Portfolio · Imagefilm 2026 Imagefilm Berliner Jobcenter: Andrés Weg zurück in den Job
Der erste Schritt war ein Anruf
André hatte sich zurückgezogen. Gesundheitliche Einschränkungen, viele offene Fragen, wenig Zuversicht. Was geht noch, was nicht mehr? Lange hatte er darauf keine Antwort. Für die Berliner Jobcenter haben wir in Berlin genau diesen Menschen begleitet, nicht eine Statistik.
Heute arbeitet André als Betreuungskraft in einem Seniorenzentrum. Den Wendepunkt brachte ein Anruf von David, seinem Vermittler im Jobcenter Berlin-Pankow. Die beiden erzählen selbst, wie aus dem ersten Gespräch ein Weg wurde. So zeigt eine Behörde, was „Immer menschlich“ konkret bedeutet.
„ROCC Film hat unsere drei Geschichten erzählt, ohne sie zu glätten. Das war der Unterschied.“
Warum die Kamera wartete, bis das Lachen echt war
André vor der Kamera, das war keine Selbstverständlichkeit. Wer sich lange zurückgezogen hat, erstarrt schnell unter Beobachtung. Also haben wir auf das ausgeleuchtete Studio-Interview verzichtet. Das Gespräch mit André und David läuft nur auf der Tonebene. Die Bilder zeigen seinen Weg, nicht seine Anspannung.
Die schwierigste Szene war nicht die mit der meisten Technik. Es war das Brettspiel mit einer Bewohnerin im Seniorenzentrum. Wir haben die Kamera erst aufgebaut, als das Spiel schon lief. Erst als das Lachen echt war, durfte sie mitschauen.
Das Bild verändert sich mit André. Wo er zurückgezogen war, sind die Töne kühl. Mit dem ersten Schritt wird das Licht wärmer. Die Kamera bleibt ruhig, weil Pflege Zeit braucht und der Film sich diese Zeit nimmt.
„Der Weg, den man gemeinsam geht, beginnt mit dem ersten Schritt.“
Im Spot zu sehen
André blickt aus dem Fenster, Berliner Dächer, weiches Licht. Dann das Jobcenter Pankow: David mit Headset, das erste Telefonat. Später das Seniorenzentrum, André am Tisch mit einer Bewohnerin beim Brettspiel. Ihr Lachen ist echt. Zuletzt sein Satz, der nicht aus dem Briefing stammt: Menschlich, immer für dich da.

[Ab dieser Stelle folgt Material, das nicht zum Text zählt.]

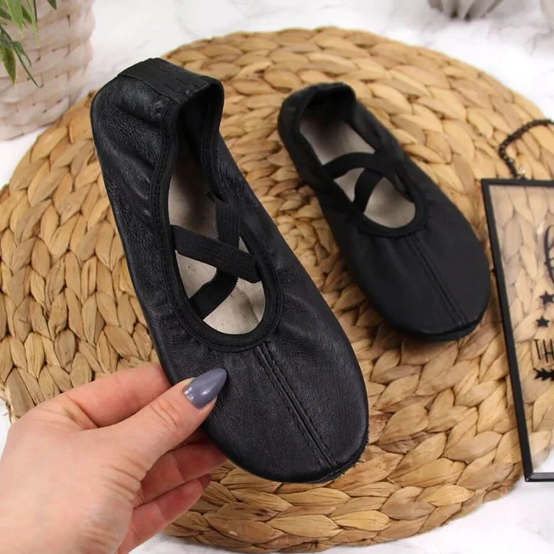 Taneční baletní boty Jr Nazo z černé kůže s gumovým páskem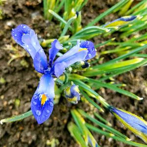 こんばんは😃🌃 今日は、1日雨☔でした😅 ふと庭を見たら青い花が咲いていました(,,・д・)ポカーン なんだろ~? 名前を教えてくださいf(^_^)💦 たぶんミニアイリスかとf(^_^)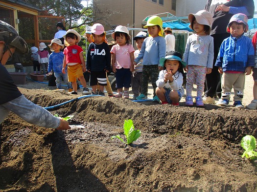 2023年10月18日 白菜、大きくなあれ! 2歳児 にじ 白菜の苗を、畑に植えました。 白菜の苗を見せて、「これなーんだ?」とクイズをすると「はっぱ!」「キャベツ!」「草!」と…。 「はくさいだよ」と伝えると、「……?」 見たことのある白菜とは違う姿で、わかりにくかったようで、まだ小さな白菜の葉っぱを、不思議そうに見ていました。 水やりしながら、白菜になっていく様子を、みんなで見守りたいです。 一覧へ戻る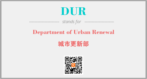 上述内容是“Department of Urban Renewal”作为“DUR”的缩写,解释为“城市更新部”时的信息,以及英文缩略词DUR所代表的英文单词,其对应的中文拼音、详细解释以及在英文中的流行度和相关分类、应用领域及应用示例等。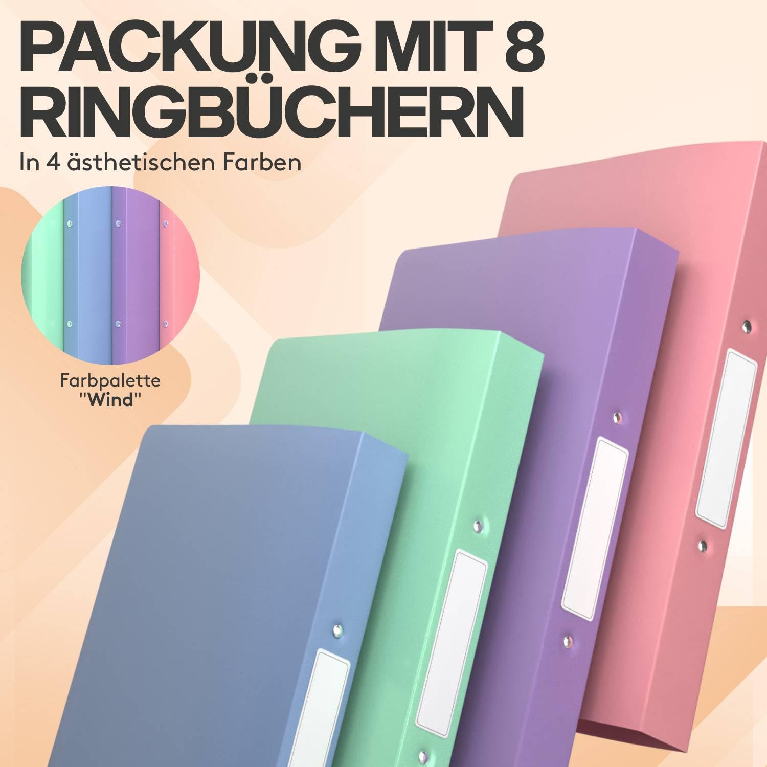 ACROPAQ - 8 x Ringbuch A4 - Mit 2 Ringen, Mit Rückenetiketten, Rückenbreite 3,5 cm, Wind, Natur Farbkollektion - Ringhefter, Ringordner, Ordner A4 Schmal, Ringmappe A4, Schulordner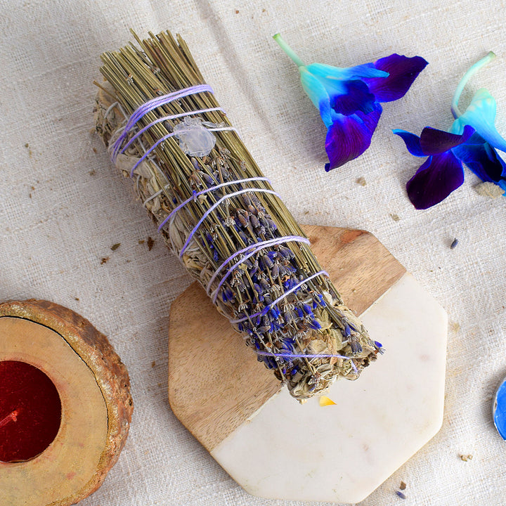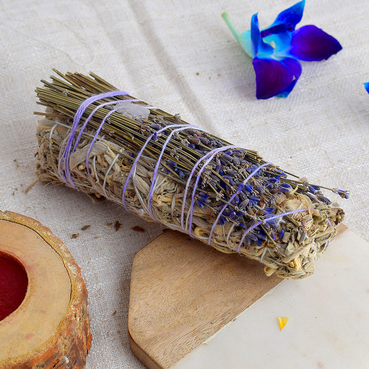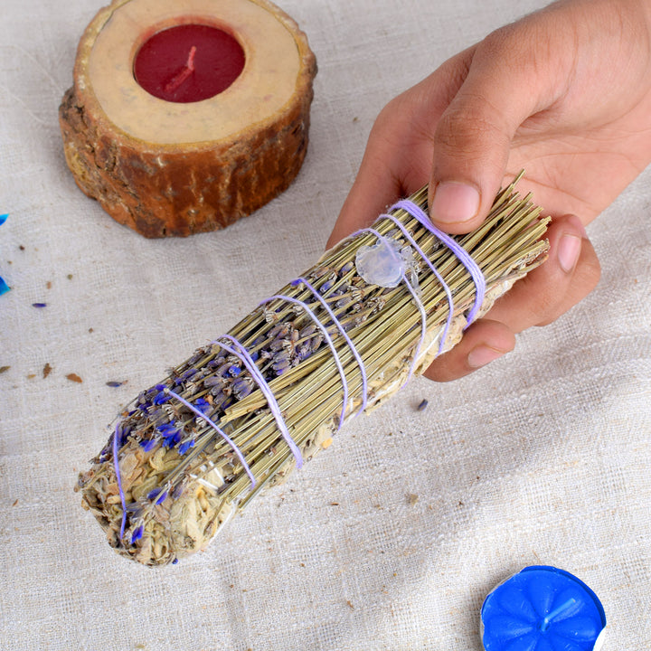 WHITE SAGE WITH LAVENDERS & GREEN AVENTURINE CRYSTAL HEALING SMUDGES – Satvikworld.com

Wer sich wiedererkennt, ruft an
Eine Behörde, die sich selbst erklärt, überzeugt niemanden. Ein Mensch, der seinen Weg erzählt, schon. Andrés Geschichte ist für andere Arbeitsuchende anschlussfähig, gerade für die mit gesundheitlichen Einschränkungen. Sie sehen jemanden, der dieselben Zweifel kannte und trotzdem ankam.
Das Schönste an diesem Film: André gibt heute weiter, was ihm gegeben wurde. Aus dem Menschen, dem das Jobcenter zugehört hat, ist einer geworden, der den Bewohnern zuhört. Für die Berliner Jobcenter arbeiten wir das zweite Jahr an ihrer Kampagne. Christian Martin Schäfer, Gründer von ROCC Film: „Eine Behörde bewegt nicht, wenn sie über sich spricht. Sie bewegt, wenn ein Mensch sich wiedererkennt.“
Was ROCC Film für die Berliner Jobcenter übernommen hat
Die Berliner Jobcenter sind ein Auftraggeber der öffentlichen Hand. Für ihre Kampagne „Zurück in den Job“ hat ROCC Film auch Andrés Film verantwortet, von der ersten Idee bis zum fertigen Schnitt.